For the first part, with the work VPN on, there are two possibly relevant entries under ipconfig with DNS Servers: Wireless LAN adapter Wi-Fi (aka W), which I believe is always present, and Ethernet adapter Ethernet (aka E), which is the work VPN itself.

For W, the DNS Servers are: 10.1.2.8, 10.1.2.9, and 192.168.1.1
For E, the DNS Servers are: 10.1.2.8, 10.1.2.9, 10.200.2.8, and 10.201.2.8; its IPv4 Address is 10.1.7.114(Preferred)
I think it’s worth noting that the Windows IP Configuration entry has DNS Suffice Search List as harvestpro.local

I don’t feel comfortable providing the IP addresses for www.company.com or for subdomain(s).company.com; however, I ran nslookup on those (sub)domains and received IP addresses (possibly worth noting that I didn’t get a response on command prompt but had to hop onto WSL). These are the same that I see from dnschecker.org. I assume that these aren’t the internal IP addresses because I was able to find them from the website. If that’s correct, how can I find them? Otherwise, what am I looking to do with them?

haynlyn · 2022-05-11T21:39:44.910Z

Well, I was able to find IP addresses for the subdomains through running nslookup. I can try doing the CNAME with that, but I would have to also guess on the ports, right?

Also, I’m still not sure why this isn’t an issue under the main router but only on the Beryl (which is serving as a repeater for the network in the main router, which I forgot to mention initially).

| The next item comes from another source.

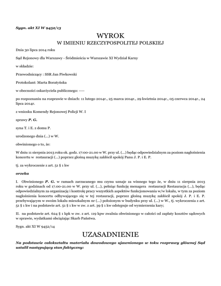 Sygn. akt XI W 9452/13 WYROK W IMIENIU RZECZYPOSPOLITEJ POLSKIEJ Dnia 30 lipca 2014 roku Sąd Rejonowy dla Warszawy - Śródmieścia w Warszawie XI Wydział Karny w składzie: Przewodniczący : SSR Jan Piwkowski Protokolant: Marta Boratyńska w obecności oskarżyciela publicznego: ---po rozpoznaniu na rozprawie w dniach: 11 lutego 2014r., 25 marca 2014r., 29 kwietnia 2014r., 05 czerwca 2014r., 24 lipca 2014r. z wniosku Komendy Rejonowej Policji W. I sprawy P. G. syna T. i E. z domu P. urodzonego dnia (...) w W. obwinionego o to, że: W dniu 11 sierpnia 2013 roku ok. godz. 17:00-21.00 w W. przy ul. (...) będąc odpowiedzialnym za poziom nagłośnienia koncertu w restauracji (...) poprzez głośną muzykę zakłócił spokój Panu J. P. i E. P. tj. za wykroczenie z art. 51 § 1 kw orzeka I. Obwinionego P. G. w ramach zarzucanego mu czynu uznaje za winnego tego że, w dniu 11 sierpnia 2013 roku w godzinach od 17.00-21.00 w W. przy ul. (...), pełniąc funkcję menagera restauracji Restauracja (...), będąc odpowiedzialnym za organizację i kontrolę pracy wszystkich aspektów funkcjonowania w/w lokalu, w tym za poziom nagłośnienia koncertu odbywającego się w tej restauracji, poprzez głośną muzykę zakłócił spokój J. P. i E. P. przebywającym w swoim lokalu mieszkalnym nr (...) położonym w budynku przy ul. (...) w W., tj. wykroczenia z art. 51 § 1 kw i na podstawie art. 51 § 1 kw w zw. z art. 39 § 1 kw odstępuje od wymierzenia kary; II. na podstawie art. 624 § 1 kpk w zw. z art. 119 kpw zwalnia obwinionego w całości od zapłaty kosztów sądowych w sprawie, wydatkami obciążając Skarb Państwa. Sygn. akt XI W 9452/14 UZASADNIENIE Na podstawie całokształtu materiału dowodowego ujawnionego w toku rozprawy głównej Sąd ustalił następujący stan faktyczny: W budynku na ulicy (...) w W. - nieruchomości należącej do (...)funkcjonuje restauracja o nazwie Restauracja (...), której właścicielem jest J. J. (1), jednocześnie właściciel firmy (...) Sp. z o.o., Sp. k. Na tyłach powyższego budynku znajduje się patio - ogródek o powierzchni około 500 m, który na podstawie umowy popisanej przez w/w lokal wraz z (...) właścicielem kamienicy jest wynajmowany przez Restaurację (...), celem prowadzenia letniego ogrodu artystycznego (zeznania świadka J. J. (1) k. 162). Osobą pełniącą funkcję menagera w powyżej restauracji jest P. G. – będący odpowiedzialnym za organizację i kontrolę pracy wszystkich aspektów funkcjonowania lokalu, w tym za poziom nagłośnienia koncertu odbywającego się w tej restauracji ( wydruk ze strony internetowej dot. obowiązku menagera k. 106, zeznania świadka J. J. (1) k. 162). Ogródek lokalu Restauracja (...) położony jest na tyłach budynku, który jest częścią Osiedla (...), osiedla praktycznie zamkniętego; otoczony zwartą zabudową ze wszystkich stron – w bezpośrednim sąsiedztwie lokali mieszkalnych (zeznania świadka J. P. k. 61). W budynku przy ul. (...) w lokalu (...) (I p.) zamieszkują E. P. i J. P.. W mieszkaniu tym okna znajdują się z obu stron budynku, dwa z nich usytuowane są od strony ul. (...), a cztery okna wychodzą na ogród przedszkolny, który jest połączony przesmykiem z ogrodem, w którym funkcjonuje ogródek restauracji (...) (zeznania świadka J. P. k. 74), w odległości około 20 metrów od okien mieszkania J. i E. P. (zeznania świadka E. P. k. 77). Podczas działalności restauracji (...), latem 2013 roku organizowano w lokalu cykl spotkań, które miały na celu propagowanie kultury i sztuki okresu XX- lecia międzywojennego. Elementem tych spotkań były różnego rodzaju projekcie filmów, pokazy mody z tamtego okresu oraz koncerty. Wykonanie koncertów zostało zlecone profesjonalnej grupie muzyków z zespołu (...). (zeznania świadka J. J. (1) k. 161, 162 kserokopie umów dotyczących organizacji koncertu k. 50-52 zeznania świadka T. B. (1) k. 139). Projekt dotyczący nawiązującego do lat 20 i 30 W. przedwojennej współtworzyło Telewizja (...) oraz wspierała Fundacja (...), z której ramienia jako pomysłodawca występowała K. C. (1). Projekt ten był inicjatywą, która nawiązywała do tradycji przedwojennej W. – lata 20 i 30. Miał za zadanie przywrócić, przypomnieć W. tradycje i historię W., anturaż związany z klimatem przedwojennej W. w zakresie nawiązania do tradycji muzycznej tego okresu, w nawiązaniu do klimatu, atmosfery, elegancji, kindersztuby oraz do tradycji tańca. Projekt (wydarzenia) miało być alternatywą dla wszystkich klubowych przedsięwzięć muzycznych. Było stworzone dla starszych ludzi, dla artystów, aktorów, seniorów, cudzoziemców – chcących zobaczyć kawałek polskiej historii (zeznania świadka K. C. (1) k. 123). W związku z powyższą inicjatywą w lokalu Restauracja (...) rozpoczęto organizację koncertów muzycznych. Podczas nich nawiązywano do tzw. „five’ ów” wydarzeń muzycznych z okresu międzywojennego, które rozpoczynały się o godz. 17.00 i kończyły o godzinie 21.00. Spotkanie te organizowane były co niedziele w okresie letnim 2013 roku (wyjaśnienia obwinionego k. 58, zeznania świadka K. C. (1) k. 123). Koncerty muzyczne odbywały się następujących dniach: 14.07, 21.07, 28.07, 04.08, 11.08, 18.08, 25.08.2013r. (kserokopie umów dot. organizacji koncertu k. 50-52). Wszystkie koncerty były grane przez zespół (...). W skład tejże orkiestry wchodziło 5 muzyków. Były to koncerty typu odeonowego, takie jak grało się w okresie międzywojennym. Zespół był zawężony w stopniu minimalnym, przy zachowaniu brzmienia okresu międzywojennego. Były to tzw. rauty dancingowe od godz. 17.00 do 21.00. Wśród instrumentów była perkusja, kontrabas, pianino, trąbka, flet na zmianę z saksofonem. Pianino grało na swoich wewnętrznych głośnikach, pozostałe instrumenty nie były nagłośnione aby brzmienie nie traciło międzywojennego charakteru. Wraz z zespołem występowała również wok

This is a lot of info to digest, so forgive me.

haynlyn · 2022-07-05T13:55:01.198Z

I’m still struggling with this. If anyone can provide help I would greatly appreciate it.

alzhao · 2022-07-12T10:58:28.686Z

@hilll can you follow this case?

alzhao · 2022-07-12T11:00:21.422Z

Does your subdomain use local IP addresses?

If yes, can you turn “DNS rebind protection” off in custom dns section in the router?

hilll · 2022-07-12T11:34:22.505Z

OK, I follow this case

hilll · 2022-07-13T08:47:07.684Z

can you offer the “company website”, we can visit it, not use wireguard ?

haynlyn · 2022-07-13T12:47:02.164Z

I imagine they do since I need a work VPN to access it, but I’m honestly not sure if that means it. However, turning off the DNS rebinding attack protection helped fixed it! Thank you

alzhao · 2022-07-13T13:12:40.413Z

Thanks for confirming this.

The subdomain links to a private IP address and the dns rebind protection rejected that.